Sent from my SAMSUNG-SGH-I317 using Tapatalk 2


----------



## Boulderhead (Oct 21, 2012)

Krissrock said:


> yeah, no way you should be hitting 19 on a stock car...i'm surprised you can even go that far without it cutting...
> 
> my TT only 12 psi when it was stock...although, I've heard that other ppl were getting 14-15 stock...


Stock 225's are tuned for 1 bar or just a hair under 15 psi whereas the 180s are a few psi short of that. Mykal, out of curiosity, what do fuel trims look like (block 32 in VCDS)?


----------



## Mykal (Sep 7, 2012)

Boulderhead said:


> Stock 225's are tuned for 1 bar or just a hair under 15 psi whereas the 180s are a few psi short of that. Mykal, out of curiosity, what do fuel trims look like (block 32 in VCDS)?
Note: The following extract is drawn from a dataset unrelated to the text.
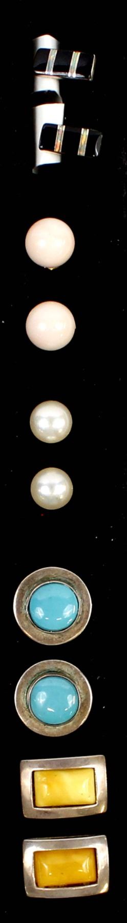 5 Pairs of Post Earrings, Some Sterling, includes 1. Navajo Sterling Onyx and Opal Posts, measure 3/8'' x .25'', hallmarked and stamped sterling 2. Angel Coral Posts, measure 3/8''D 3. Pearl Posts, measure .25''D 4. Turquoise Posts, appear to be sterling hoever unmarked, measure .5''D 5. Sterling & Yellow Lip Shell Posts, measure 5/8'' x 3/8'', marked .925

Ill try to get a log tomorrow evening but honestly probably wont until Wednesday. My family and I have BJJ class tomorrow night after work. :thumbup:


----------



## Boulderhead (Oct 21, 2012)

Mykal said:


> Ill try to get a log tomorrow evening but honestly probably wont until Wednesday. My family and I have BJJ class tomorrow night after work. :thumbup:


Nice, that's a helluva way to spend time with family.... Whooping each others asses


----------



## Mykal (Sep 7, 2012)

Drove an hour North to South Hills Audi to let their master tech take a look at it.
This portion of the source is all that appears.